* _Your task_: From the data below, set down exactly the lines between the one holding "The piece is" and the one holding "According to [46], the", inclusive, and no others.
START Given data
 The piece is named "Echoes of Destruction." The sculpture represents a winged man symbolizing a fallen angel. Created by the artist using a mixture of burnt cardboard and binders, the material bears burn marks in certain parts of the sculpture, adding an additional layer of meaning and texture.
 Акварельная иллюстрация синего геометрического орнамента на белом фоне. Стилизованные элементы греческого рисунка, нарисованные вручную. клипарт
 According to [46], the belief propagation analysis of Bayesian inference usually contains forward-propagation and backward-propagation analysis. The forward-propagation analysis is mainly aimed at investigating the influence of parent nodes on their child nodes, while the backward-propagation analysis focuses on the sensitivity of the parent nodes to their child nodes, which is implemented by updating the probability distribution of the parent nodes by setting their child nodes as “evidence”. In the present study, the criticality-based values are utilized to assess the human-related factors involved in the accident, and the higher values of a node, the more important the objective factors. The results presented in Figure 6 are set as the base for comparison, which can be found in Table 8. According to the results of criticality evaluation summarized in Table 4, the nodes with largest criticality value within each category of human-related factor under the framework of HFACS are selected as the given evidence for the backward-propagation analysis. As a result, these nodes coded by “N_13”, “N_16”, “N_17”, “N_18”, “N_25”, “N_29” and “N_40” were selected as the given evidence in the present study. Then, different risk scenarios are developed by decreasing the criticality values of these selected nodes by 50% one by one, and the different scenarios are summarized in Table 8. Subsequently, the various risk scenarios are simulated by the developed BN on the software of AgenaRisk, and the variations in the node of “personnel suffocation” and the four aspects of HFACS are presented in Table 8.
END Given data
START Given data
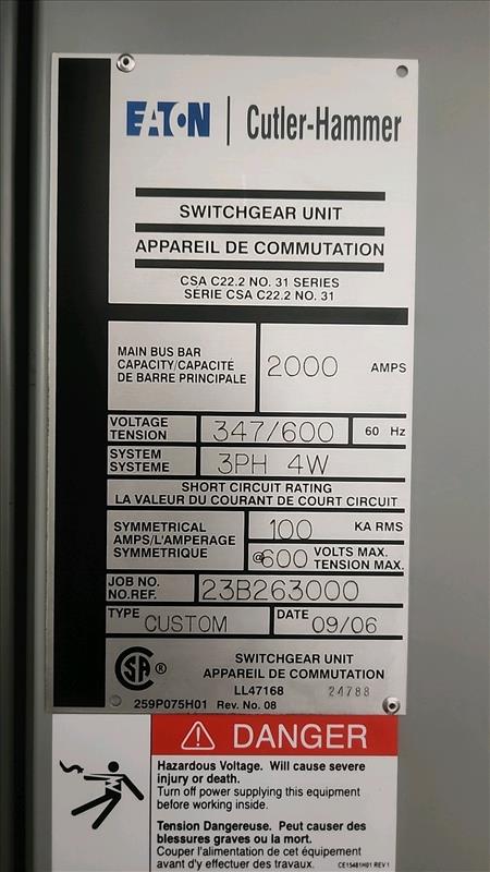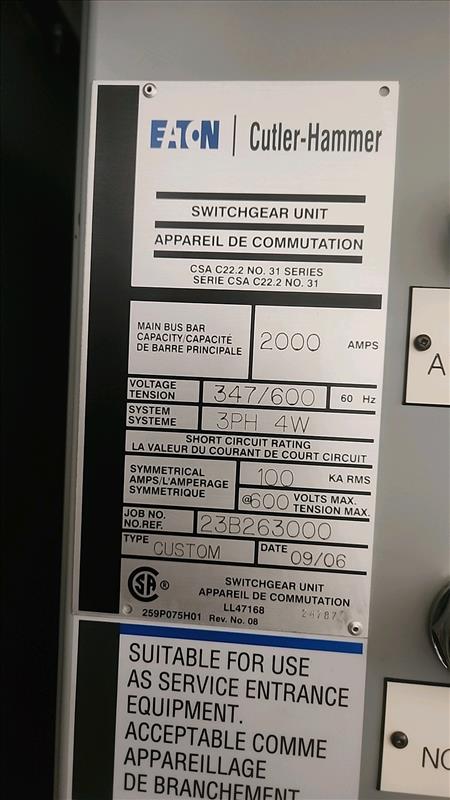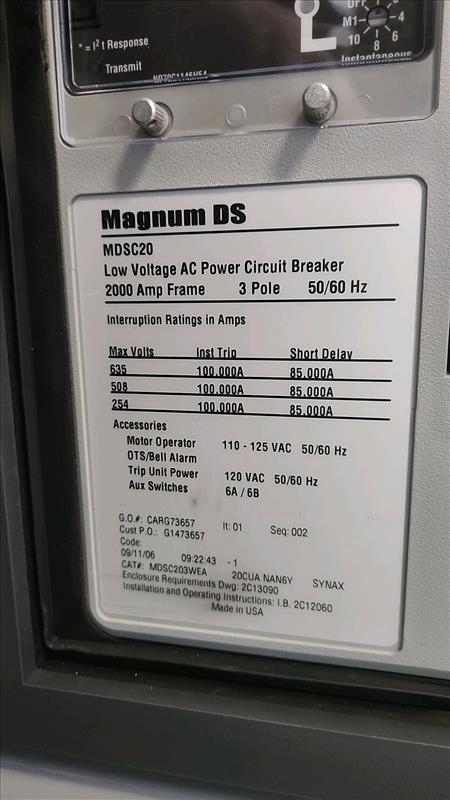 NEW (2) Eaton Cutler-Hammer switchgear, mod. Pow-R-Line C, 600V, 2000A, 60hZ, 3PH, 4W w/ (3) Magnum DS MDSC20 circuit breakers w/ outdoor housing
END Given data
* _Result for this exercise_:
 The piece is named "Echoes of Destruction." The sculpture represents a winged man symbolizing a fallen angel. Created by the artist using a mixture of burnt cardboard and binders, the material bears burn marks in certain parts of the sculpture, adding an additional layer of meaning and texture.
 Акварельная иллюстрация синего геометрического орнамента на белом фоне. Стилизованные элементы греческого рисунка, нарисованные вручную. клипарт
 According to [46], the belief propagation analysis of Bayesian inference usually contains forward-propagation and backward-propagation analysis. The forward-propagation analysis is mainly aimed at investigating the influence of parent nodes on their child nodes, while the backward-propagation analysis focuses on the sensitivity of the parent nodes to their child nodes, which is implemented by updating the probability distribution of the parent nodes by setting their child nodes as “evidence”. In the present study, the criticality-based values are utilized to assess the human-related factors involved in the accident, and the higher values of a node, the more important the objective factors. The results presented in Figure 6 are set as the base for comparison, which can be found in Table 8. According to the results of criticality evaluation summarized in Table 4, the nodes with largest criticality value within each category of human-related factor under the framework of HFACS are selected as the given evidence for the backward-propagation analysis. As a result, these nodes coded by “N_13”, “N_16”, “N_17”, “N_18”, “N_25”, “N_29” and “N_40” were selected as the given evidence in the present study. Then, different risk scenarios are developed by decreasing the criticality values of these selected nodes by 50% one by one, and the different scenarios are summarized in Table 8. Subsequently, the various risk scenarios are simulated by the developed BN on the software of AgenaRisk, and the variations in the node of “personnel suffocation” and the four aspects of HFACS are presented in Table 8.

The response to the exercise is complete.